Cybercrime is becoming more common in today’s technologically advanced society. Cyber-attacks cost businesses hundreds of billions of dollars a year, and the call for experts to battle these threats is on the rise. In fact, the demand for cybersecurity professionals is growing at a rate 12 times faster than the total labor market! According to research conducted by Frost & Sullivan for the Center for Cyber Safety and Education and the Executive Women’s Forum on Information Security, only 11 percent of the world’s information security workforce are women. There’s tremendous room available for women to enter the cybersecurity market! Dr. Amelia Estwick, program manager of the National Cybersecurity Institute at Excelsior College, has worked in this field for some time and recently sat down with Excelsior to share her story and recommendation for a career path in cybersecurity.
Excelsior: How did you first get started in cybersecurity?
Estwick: In the early 90s, I enlisted in the United States Army as a telecommunications operator, which was a job within the Intelligence/Signal Corps careers. My main responsibility was to ensure all military communications were secure during tactical (field) operations. I credit my military experience for introducing me to the opportunities in the security field.
Excelsior: What jobs have you held in this field?
Estwick: After I completed my military service and finished my bachelor’s degree in computer information systems, I earned a National Physical Sciences Consortium Fellowship to pursue graduate studies in computer science. The National Security Agency (NSA) sponsored my fellowship while I was in graduate school at the George Washington University. I worked at NSA during the summer as a computer science researcher.
As a researcher, I spent most of my time developing software tools and techniques to protect the government’s data and networks against unauthorized intrusions. From my research position, I eventually joined the NSA full-time and moved into more leadership roles, including systems engineer, senior cyber analyst, and finally technical director within NSA’s Threat Operations Center (TOC). The TOC is a large organization with over 200 people working around the clock, 24/7/365, to monitor and defend government and military networks against cyber-attacks.
As one of a few women technical directors in the Agency, being selected was the highlight of my NSA career. Last year I left the NSA after 15+ years of government civilian service to pursue work in academia.
Excelsior: What is your favorite part about working in this field?
Estwick: I’ve been in this field for so long, it’s hard to nail down my favorite part; however, I guess I love change and the opportunity to problem solve! Cybersecurity is a dynamic field and there’s been so many changes in technology and processes that have directly impacted the cybersecurity landscape.
I’m amazed how far this field has advanced since I started; we still have hard problems to solve like how we process large amounts of data (big data) and how we integrate machine learning and human intelligence (artificial intelligence).
As the program manager for NCI, my favorite part is engaging with current and prospective students who want to pursue education to carve a career path in cybersecurity. I find it very rewarding to help someone in reaching their educational and career goals.
Excelsior: What do you feel the future look likes for women in cybersecurity?
Estwick: I consider myself an optimist, so I believe the future looks bright for women in this career field.

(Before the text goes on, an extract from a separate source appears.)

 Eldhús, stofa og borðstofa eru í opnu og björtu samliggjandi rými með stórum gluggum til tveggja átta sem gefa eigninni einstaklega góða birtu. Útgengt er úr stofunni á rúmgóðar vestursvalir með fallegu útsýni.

I know there’s work to be done to increase the STEM pipeline for young girls and women, especially for those following a career path in cybersecurity. Cybersecurity is a multidisciplinary field, and there’s so much opportunity for women with various skill sets and backgrounds to contribute. In the 20+ years I’ve been in this field, I’ve seen more initiatives to increase the involvement of women and minorities in the field; however, we need to make sure we support women and minorities when they do enter the field in order to retain the pipeline. I think an important factor in addressing diversity and inclusion is to work on plugging the leaks so we can retain the pipeline for the future.

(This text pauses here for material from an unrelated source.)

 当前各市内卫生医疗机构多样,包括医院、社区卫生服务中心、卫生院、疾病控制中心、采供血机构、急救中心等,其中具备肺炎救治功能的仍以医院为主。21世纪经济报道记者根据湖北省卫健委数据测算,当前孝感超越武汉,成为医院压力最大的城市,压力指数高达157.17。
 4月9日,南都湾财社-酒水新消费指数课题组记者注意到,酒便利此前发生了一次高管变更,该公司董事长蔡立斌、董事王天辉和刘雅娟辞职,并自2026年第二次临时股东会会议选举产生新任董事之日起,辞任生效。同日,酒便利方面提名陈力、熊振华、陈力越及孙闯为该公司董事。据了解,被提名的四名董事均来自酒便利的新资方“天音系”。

Excelsior: What educational background/certification/training would you recommend for someone pursuing this career path?
Estwick: Since cybersecurity is a multidisciplinary field, it really depends on what specific cybersecurity career path the person chooses to pursue that will ultimately decide what sort of background and/or training is needed.
For example, there are many cybersecurity jobs for someone with certain certifications like the Certified Ethical Hacker (CEH) or Certified Information Systems Security Professional (CISSP). Both certifications require an extensive technical background, and I do believe having one provides more options to work in cybersecurity. I also believe there are enough cybersecurity career paths to choose from where someone without a technical background can still contribute to the field.
This is why academic institutions such as Excelsior College have provided students with information on career pathways because there are so many paths to work in cybersecurity. We live in a digital society and that means we need people from various backgrounds and skill sets to contribute in protecting our society against threat actors such as nation states, hacktivists, organized criminals, script kiddies, and even the insider. My recommendation for anyone pursuing a career path in cybersecurity would be to follow your passion, be a problem solver, and innovate!